Records supplied →

# # # # #

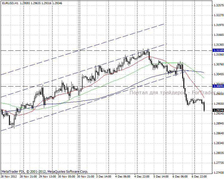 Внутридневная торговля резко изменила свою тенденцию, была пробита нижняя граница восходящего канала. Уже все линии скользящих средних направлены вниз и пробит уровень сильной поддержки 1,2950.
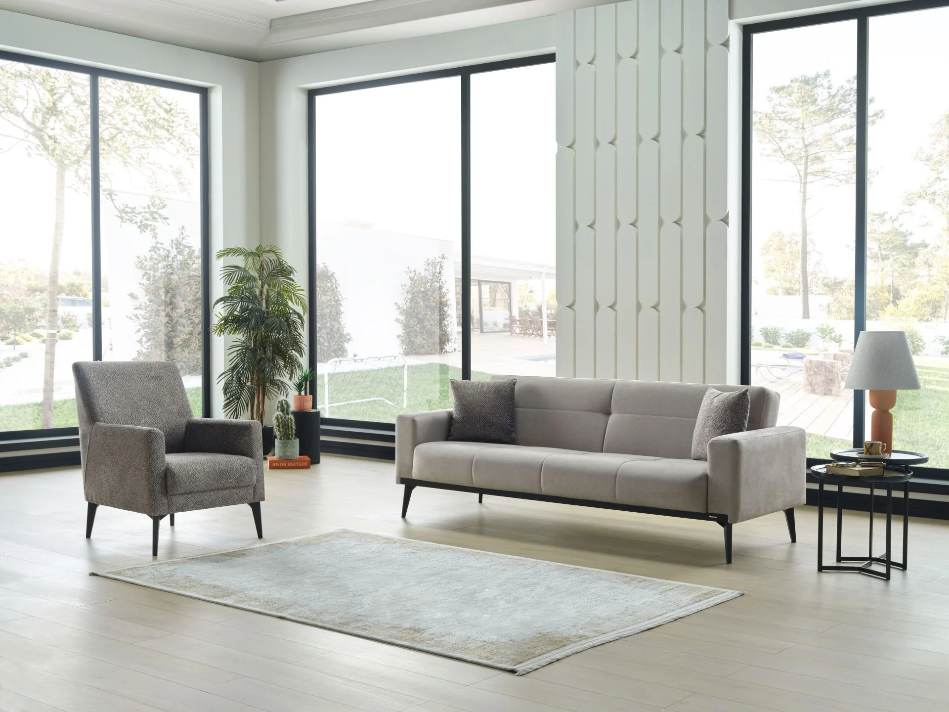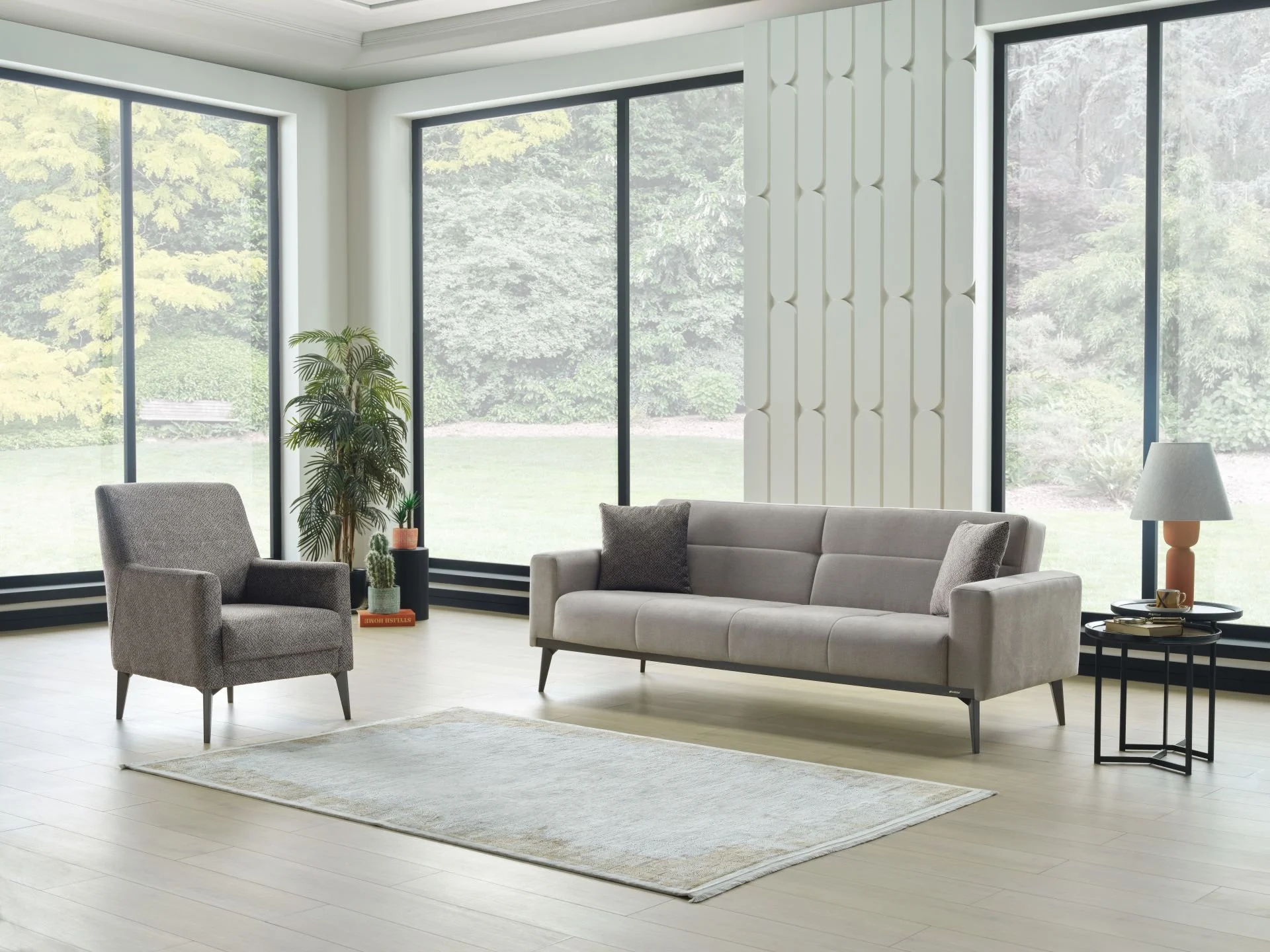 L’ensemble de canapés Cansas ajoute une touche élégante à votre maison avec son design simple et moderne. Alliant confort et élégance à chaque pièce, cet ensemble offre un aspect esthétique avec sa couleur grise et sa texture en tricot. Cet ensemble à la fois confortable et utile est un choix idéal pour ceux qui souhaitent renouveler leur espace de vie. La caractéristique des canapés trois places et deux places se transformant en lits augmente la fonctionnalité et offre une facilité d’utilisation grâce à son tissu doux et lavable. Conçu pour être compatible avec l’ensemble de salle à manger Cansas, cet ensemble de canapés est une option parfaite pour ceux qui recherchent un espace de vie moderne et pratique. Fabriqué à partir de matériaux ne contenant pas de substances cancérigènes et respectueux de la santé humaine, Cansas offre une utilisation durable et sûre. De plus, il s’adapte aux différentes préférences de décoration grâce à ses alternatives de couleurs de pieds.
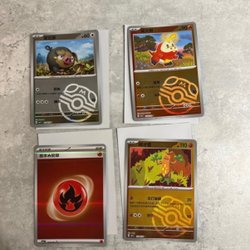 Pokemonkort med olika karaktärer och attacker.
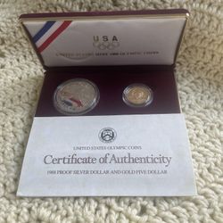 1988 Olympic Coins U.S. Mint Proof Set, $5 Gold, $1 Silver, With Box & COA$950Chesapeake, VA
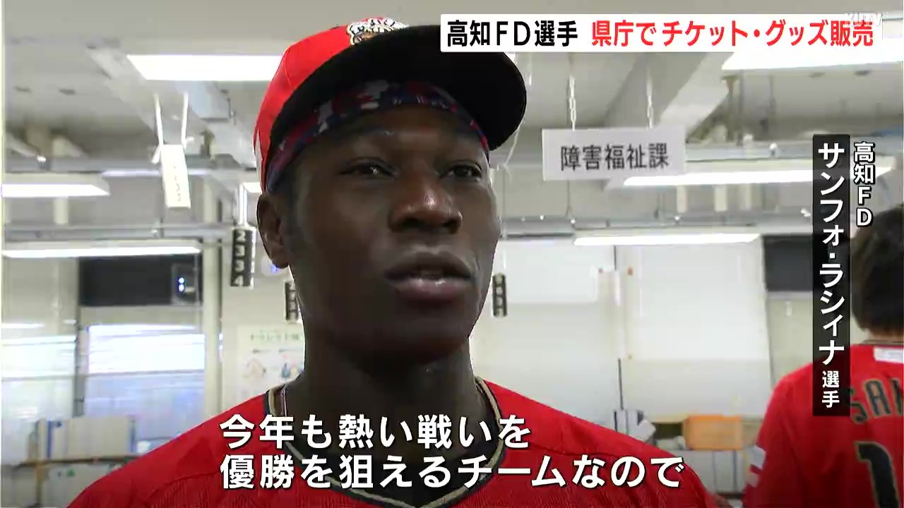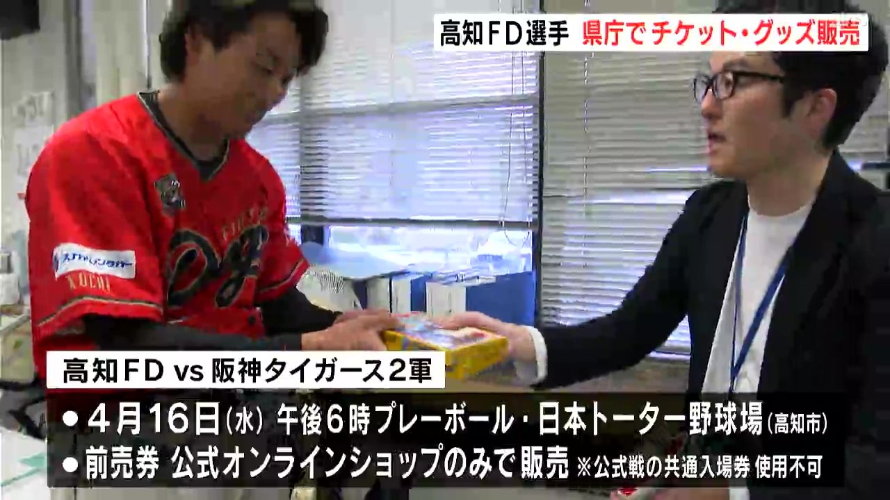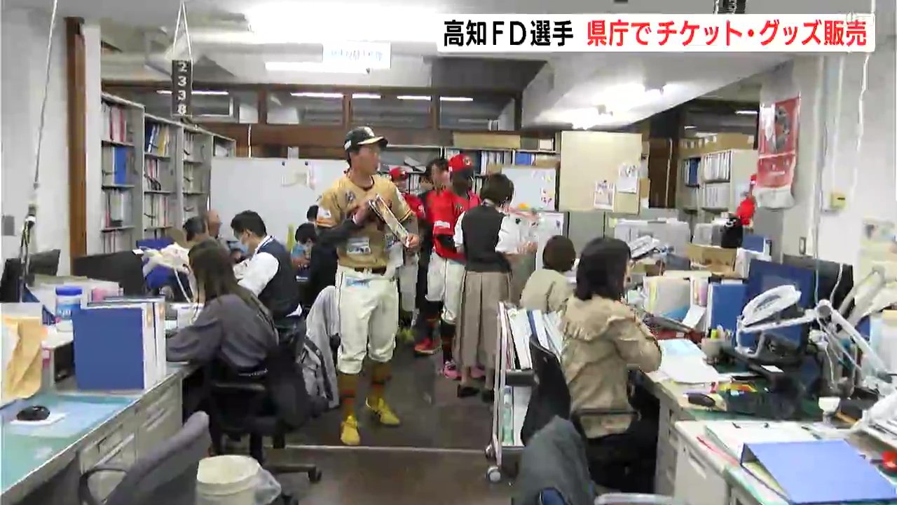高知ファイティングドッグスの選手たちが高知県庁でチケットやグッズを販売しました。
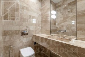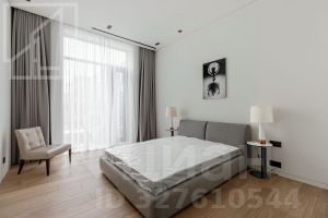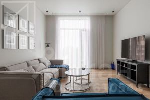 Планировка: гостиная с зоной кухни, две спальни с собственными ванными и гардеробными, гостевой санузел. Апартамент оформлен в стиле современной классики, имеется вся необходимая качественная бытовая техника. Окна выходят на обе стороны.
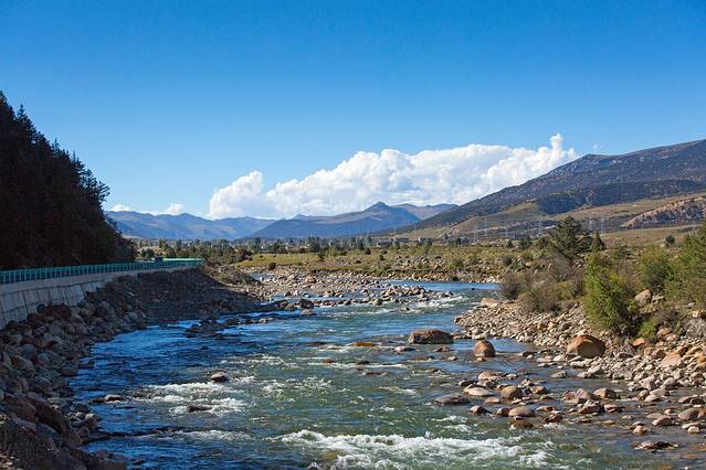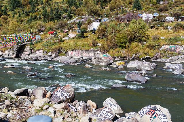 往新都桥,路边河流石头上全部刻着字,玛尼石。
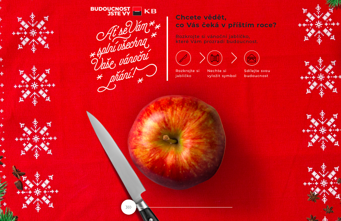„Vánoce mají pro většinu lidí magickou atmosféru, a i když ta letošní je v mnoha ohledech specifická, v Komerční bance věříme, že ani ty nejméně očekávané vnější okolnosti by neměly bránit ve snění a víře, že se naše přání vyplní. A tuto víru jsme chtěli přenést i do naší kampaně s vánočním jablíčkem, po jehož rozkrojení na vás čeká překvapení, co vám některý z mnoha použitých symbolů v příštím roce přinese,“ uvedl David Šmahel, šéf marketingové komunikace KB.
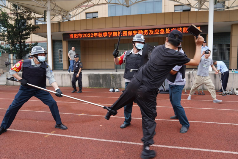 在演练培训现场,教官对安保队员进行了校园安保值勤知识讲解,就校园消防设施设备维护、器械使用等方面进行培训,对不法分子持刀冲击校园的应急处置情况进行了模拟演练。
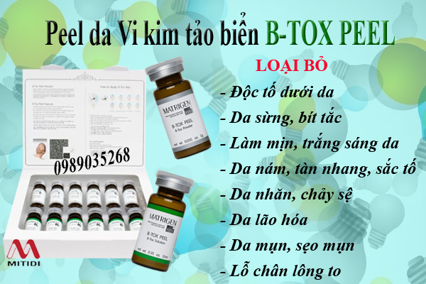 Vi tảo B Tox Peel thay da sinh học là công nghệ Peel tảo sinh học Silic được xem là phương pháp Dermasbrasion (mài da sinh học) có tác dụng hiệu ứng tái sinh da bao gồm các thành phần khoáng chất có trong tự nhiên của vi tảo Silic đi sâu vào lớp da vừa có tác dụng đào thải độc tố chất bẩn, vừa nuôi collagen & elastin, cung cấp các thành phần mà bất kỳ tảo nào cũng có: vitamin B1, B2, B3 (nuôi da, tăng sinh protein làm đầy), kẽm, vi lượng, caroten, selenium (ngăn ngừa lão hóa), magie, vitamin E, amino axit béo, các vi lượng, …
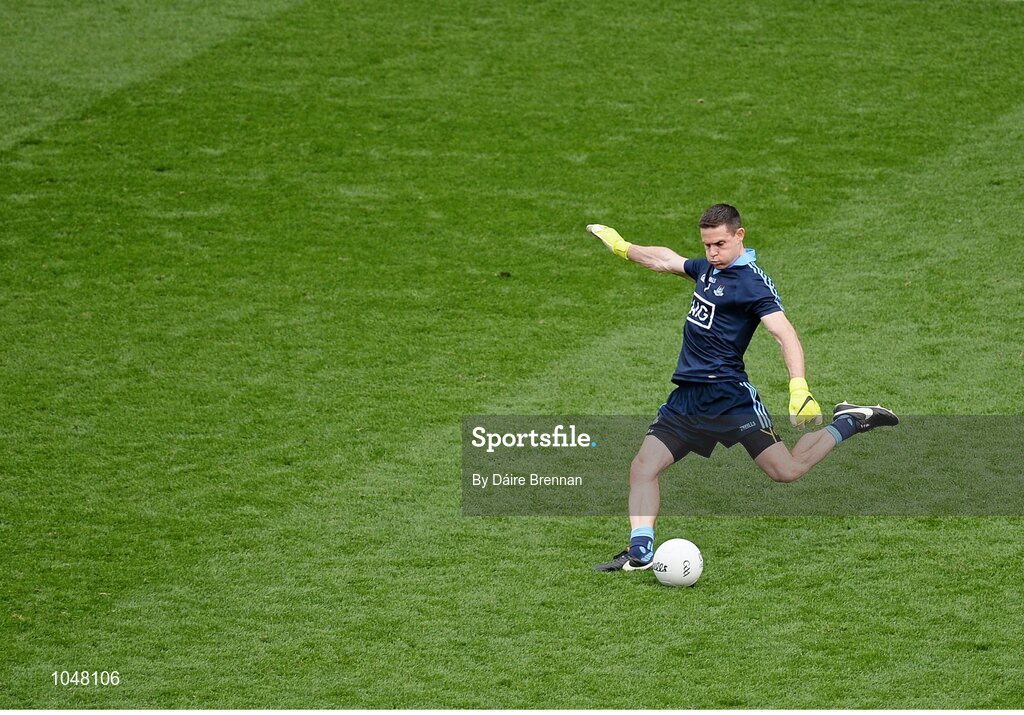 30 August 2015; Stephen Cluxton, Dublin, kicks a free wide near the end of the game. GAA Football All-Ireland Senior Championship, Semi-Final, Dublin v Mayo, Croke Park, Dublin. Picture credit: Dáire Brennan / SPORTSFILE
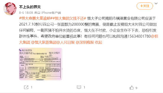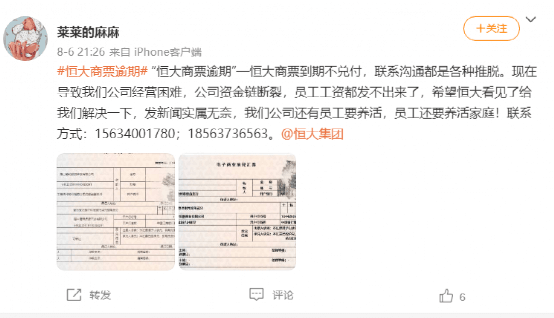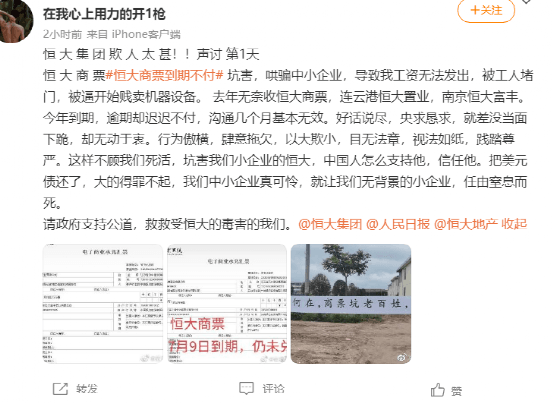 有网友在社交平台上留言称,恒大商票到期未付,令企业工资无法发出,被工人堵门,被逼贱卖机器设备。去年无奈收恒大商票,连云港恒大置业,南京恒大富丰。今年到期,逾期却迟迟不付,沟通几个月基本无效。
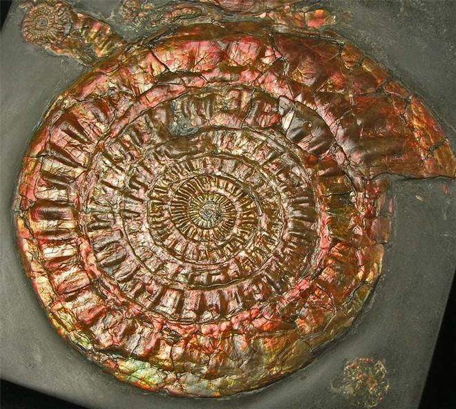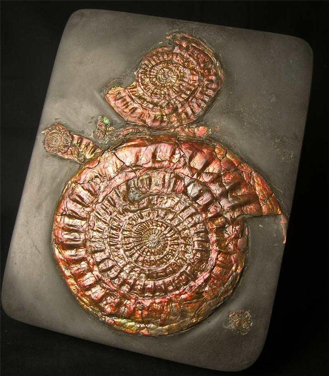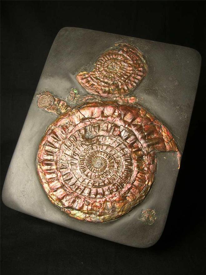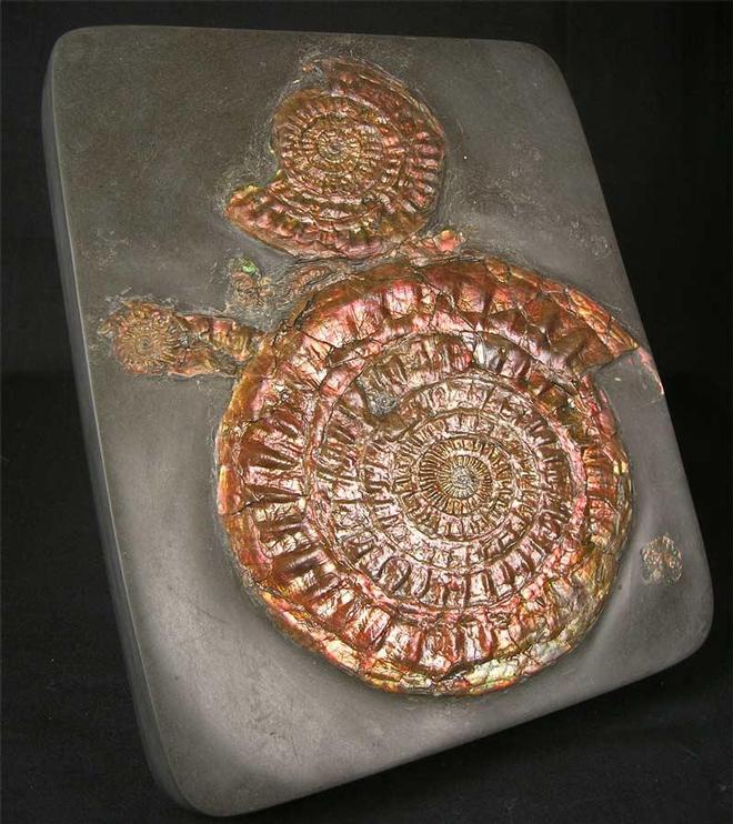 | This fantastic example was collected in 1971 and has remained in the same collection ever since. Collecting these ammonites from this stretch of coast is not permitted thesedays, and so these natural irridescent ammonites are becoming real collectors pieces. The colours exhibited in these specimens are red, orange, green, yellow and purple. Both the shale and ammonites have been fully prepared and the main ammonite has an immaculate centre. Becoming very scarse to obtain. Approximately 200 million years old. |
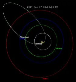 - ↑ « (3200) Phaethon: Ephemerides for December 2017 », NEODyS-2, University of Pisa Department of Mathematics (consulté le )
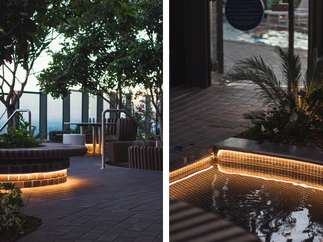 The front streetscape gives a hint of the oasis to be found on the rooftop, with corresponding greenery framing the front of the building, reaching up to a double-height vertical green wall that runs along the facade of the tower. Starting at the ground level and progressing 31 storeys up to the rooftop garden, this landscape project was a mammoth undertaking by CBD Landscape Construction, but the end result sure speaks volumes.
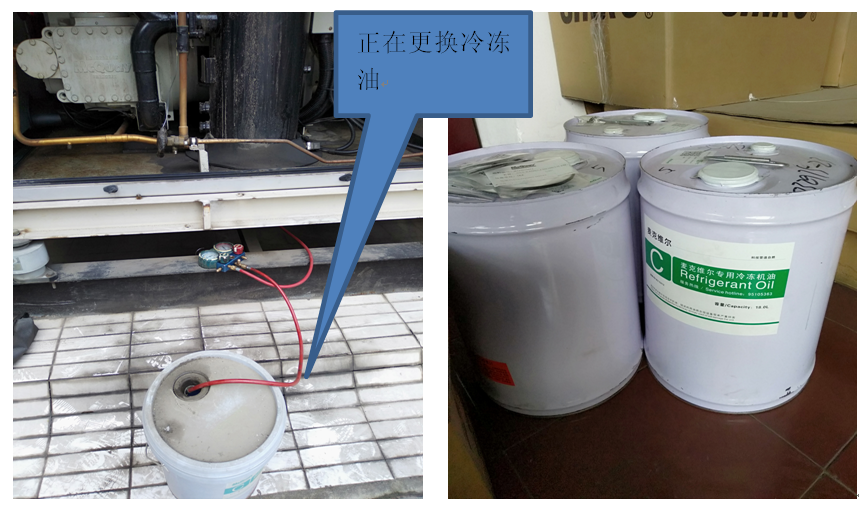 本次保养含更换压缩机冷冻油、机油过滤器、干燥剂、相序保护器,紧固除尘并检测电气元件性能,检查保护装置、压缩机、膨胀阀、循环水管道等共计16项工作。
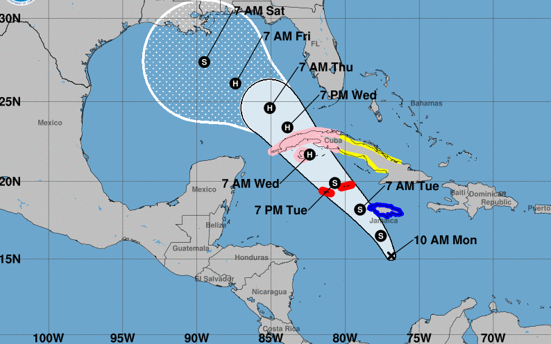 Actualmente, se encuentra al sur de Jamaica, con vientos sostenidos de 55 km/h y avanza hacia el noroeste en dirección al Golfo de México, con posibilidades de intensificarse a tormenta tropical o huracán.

# # # # #

Required work → Exact copy, no pictures. Write out the lines in the entries above, starting with the line with "years old. |" and going on through the line with "(consulté le )", keeping both.

Answer section →
 | This fantastic example was collected in 1971 and has remained in the same collection ever since. Collecting these ammonites from this stretch of coast is not permitted thesedays, and so these natural irridescent ammonites are becoming real collectors pieces. The colours exhibited in these specimens are red, orange, green, yellow and purple. Both the shale and ammonites have been fully prepared and the main ammonite has an immaculate centre. Becoming very scarse to obtain. Approximately 200 million years old. |
 - ↑ « (3200) Phaethon: Ephemerides for December 2017 », NEODyS-2, University of Pisa Department of Mathematics (consulté le )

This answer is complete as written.